O’Neill made history. He blasted a solo homer in the eighth inning — his fifth straight Opening Day home run — and the Red Sox won 6-4 over the Mariners at T-Mobile Park.
Cora had never won an Opening Day game in five previous attempts as Red Sox manager.
O’Neill, who Boston acquired from the Cardinals in the offseason, set a major league record with his fifth consecutive Opening Day home run. He surpassed Todd Hundley (1994-97), Gary Carter (1977-80) and Yogi Berra (1955-58) who all went four consecutive seasons with an Opening Day home run.
O’Neill eighth inning blast, which went 394 feet to right-center field, put the Red Sox ahead 6-4.
Devers goes deep
Rafael Devers put the Red Sox ahead 2-0 in the third inning when he smashed a 400-foot home run to left-center field. Enmanuel Valdez was on base after singling to lead off the inning.
Devers also crushed a 110 mph double when Boston went ahead 4-2 in the fifth inning.
Bello earns the victory
Red Sox starter Brayan Bello allowed five hits and no walks while striking out two in 5 innings to earn the win in his first ever Opening Day start.

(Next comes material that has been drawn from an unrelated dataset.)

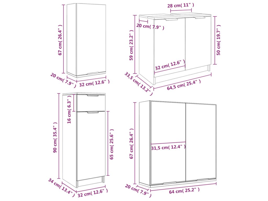 - Rozměry vysoké skříňky: 32 x 34 x 90 cm (D x Š x V)

He gave up a two-run homer in the fourth.
The righty threw 36 sinkers, averaging 96.1 mph and topping out at 98 mph, per Baseball Savant. He mixed in 28 changeups and 20 sliders. He got five swings-and-misses, including five with his changeup.
Other scoring
Boston went 3-0 in the fourth inning. O’Neill reached after grounding into a force-out and advanced to third base with one out on Masataka Yoshida’s double to right. O’Neill scored on Ceddanne Rafaela’s ground ball to third. Third baseman Josh Rojas tried to throw out O’Neill at the plate but his throw bounced off O’Neill’s helmet. It was ruled an RBI fielder’s choice.
The Mariners cut it to 3-2 in the bottom of the fourth when Mitch Haniger crushed a two-run homer off Bello.
Triston Casas grounded into an RBI force-out in the fifth to put Boston ahead 4-2.
Connor Wong’s RBI single in the sixth made it 5-2 Boston. It scored Rafaela who tripled to left field with one out.
Devers and Wong had two hits each.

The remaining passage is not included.